The Claremont City Council hosted an information discussion Wednesday night with city attorneys about local government, with the aim to educate the public and prepare future elected officials about governing practices and procedures. The topics included many that frequently spark debate in the Claremont community, including the conduct of elected officials outside of meetings.

Attorneys Shawn Tanguay and Christine Fillmore also discussed ways for the council to run more efficient meetings, problems for elected officials to avoid and sections in the city charter that may need review.

Below are some of the more interesting takeaways from the two hour discussion. To watch a video recording of the meeting online, visit the Claremont Community Television (CCTV) website at or the city’s Facebook page titled “City of Claremont, NH Government.”
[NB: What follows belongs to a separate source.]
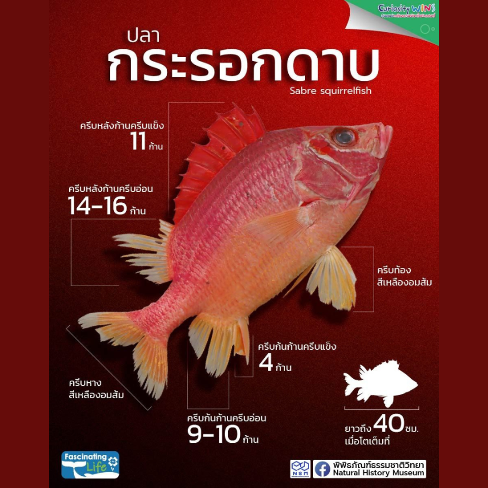 ปลากระรอกดาบคือหนึ่งในชนิดปลากระรอกวงศ์ Holocentridae ที่มีขนาดใหญ่และมีสีสวยงาม ขนาดโตเต็มที่ยาวถึง 40 เซนติเมตร โดยตัวอย่างปลาในภาพเก็บได้จากทะเลอันดามัน ประเทศไทย มีลักษณะเด่นคือ ครีบหลังมีก้านครีบแข็ง 11 ก้าน และก้านครีบอ่อน 14-16 ก้าน ครีบก้นมีก้านครีบแข็ง 4 ก้าน และก้านครีบอ่อน 9-10 ก้าน

Councils should not become bogged down by their own rules

Fillmore noted that the Claremont City Council’s meeting rules are “fairly specific” in regard to motions, debate and voting, including a direction to follow Robert’s Rules of Order in the absence of stated rules.

But having overly complicated rules can also lead municipal boards into problems, according to Fillmore.

“Defaulting to a set of rules [like Robert’s Rules of Order] that has a 200-page brief version may be setting a board up for failure,” Fillmore said.

While Fillmore did not evaluate the efficiency of Claremont’s council meetings, the challenges posed by the Claremont City Council’s rules are often evident to regular meeting attendees or viewers. There are frequent debates between councilors over rules not being properly followed, including significant amounts of time during meetings being consumed by disagreements or questions over correct procedure.

Fillmore said getting bogged down in debates over language and other procedural details is actually counterproductive to the purpose for having the rules, which is to “advance the content of the meeting.”

“The best rules as I have seen them are straightforward, relatively simple and understood by everyone,” Fillmore said. “That doesn’t mean everyone comes in and intuitively understands how it works. But something that can be put on one or two pages and make some sense often can work pretty well.”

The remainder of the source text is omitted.